Start an instance in console first (or directly in command line). Stop it. do not terminate. Now this instance will have a fixed instance ID. Its DNS IP address will change every time you restart it, but its instance ID is fixed. Instance ID is found easily in the EC2 Console.

Launch an instance

aws ec2 run-instances --image-id ami-xxxxxxxx --count 1 --instance-type t2.micro --key-name MyKeyPair --security-group-ids sg-xxxxxxxx --subnet-id subnet-xxxxxxxx

Start an instance

aws ec2 start-instances --instance-ids i-XXXXXXXX
aws ec2 start-instances --instance-ids i-040c856530b2619bc

Stop an instance

aws ec2 stop-instances --instance-ids i-XXXXXXXX
aws ec2 stop-instances --instance-ids i-040c856530b2619bc

6.1.1.6 Set-up SSM on EC2 Instance

To execute commandlines etc remote on EC2, need to set up SSM: AWS Systems Manager Agent (SSM Agent)

SSM-agent is already installed in Amazon Linux.

Error Message regarding InvalidInstanceId. The following scenarios can result in this error message:

Instance id is invalid (in the comments you have verified it isn’t)
Instance is in a different region (in the comments you have verified it isn’t)
Instance is not currently in the Running state
Instance does not have the AWS SSM agent installed and running.

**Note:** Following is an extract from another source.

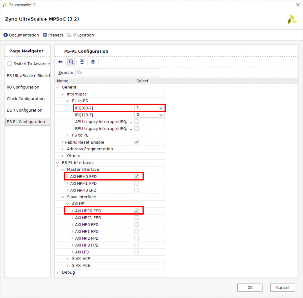 | PS-PL interfaces | Mater Interface の AXI HPM0 FPD | チェックを入れる | AXI-Lite 設定用 |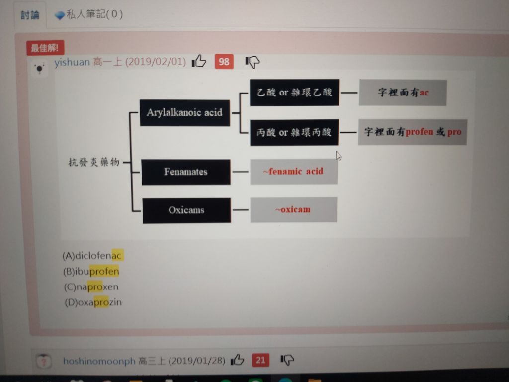 49.下列何者屬於acetic acids類藥品? (A)Diclofenac (B)Ibuprofen (C)Meclofenamate (D)Naproxen |

“You have to create and attach the policy AmazonSSMFullAccess to the machine (thats maybe more broad than you need) but that was why it wasn’t working for me… You do that by clicking on (when selected on the ec2 instance) Action > Instance Settings > Attach/Replace IAM Role then create a role for ec2 that has that permission then attach, should take like 5-10 mins to pop up in SYSTEMS MANAGER SHARED RESOURCES - Managed Instances as mark mentions. – Glen Thompson Sep 20 ’18 at 16:31”

# Start SSM Agent with
sudo systemctl start amazon-ssm-agent

6.1.2 AWS Boto3

Go back to fan’s Python Code Examples Repository (bookdown site) or the pyfan Package (API).

6.1.2.1 Basics

Create local .aws folder under user for example that has credential information, this will be useful for AWS command line operations.

# IN C:\Users\fan\.aws
# config file
[default]
region = us-east-1
output = json
# credentials file
[default]
aws_access_key_id = XKIXXXGSXXXBZXX43XXX
aws_secret_access_key = xxTgp9r0f4XXXXXXX1XXlG1vTy07wydxXXXXXX11

Additionally, or alternatively, for boto3 operations, store in for example a yml file, so that appropriate value could be obtained.

- main_aws_id: 710673677961,
  aws_access_key_id: XKIXXXGSXXXBZXX43XXX
  aws_secret_access_key: xxTgp9r0f4XXXXXXX1XXlG1vTy07wydxXXXXXX11
  region: us-east-1
  main_ec2_instance_id: i-YYYxYYYYYYx2619xx
  main_ec2_linux_ami: ami-0xYYYYYxx95x71x9
  main_ec2_public_subnet: subnet-d9xxxxYY
  fargate_vpc_name: FanCluster
  fargate_vpc_id: vpc-xxx5xYYY
  fargate_public_subnet: subnet-e3dYYYxx
  fargate_security_group: sg-17xxxxYx
  fargate_task_executionRoleArn: ecsTaskExecutionRole
  batch_task_executionRoleArn: ecsExecutionRole
  fargate_route_table: rtb-5xxxYx25
  date_start: 20180701

6.1.2.2 Start Client Service

For the various AWS services, could use Boto3 to access and use programmatically. To use any particular service, first start the client for that service: boto3 client.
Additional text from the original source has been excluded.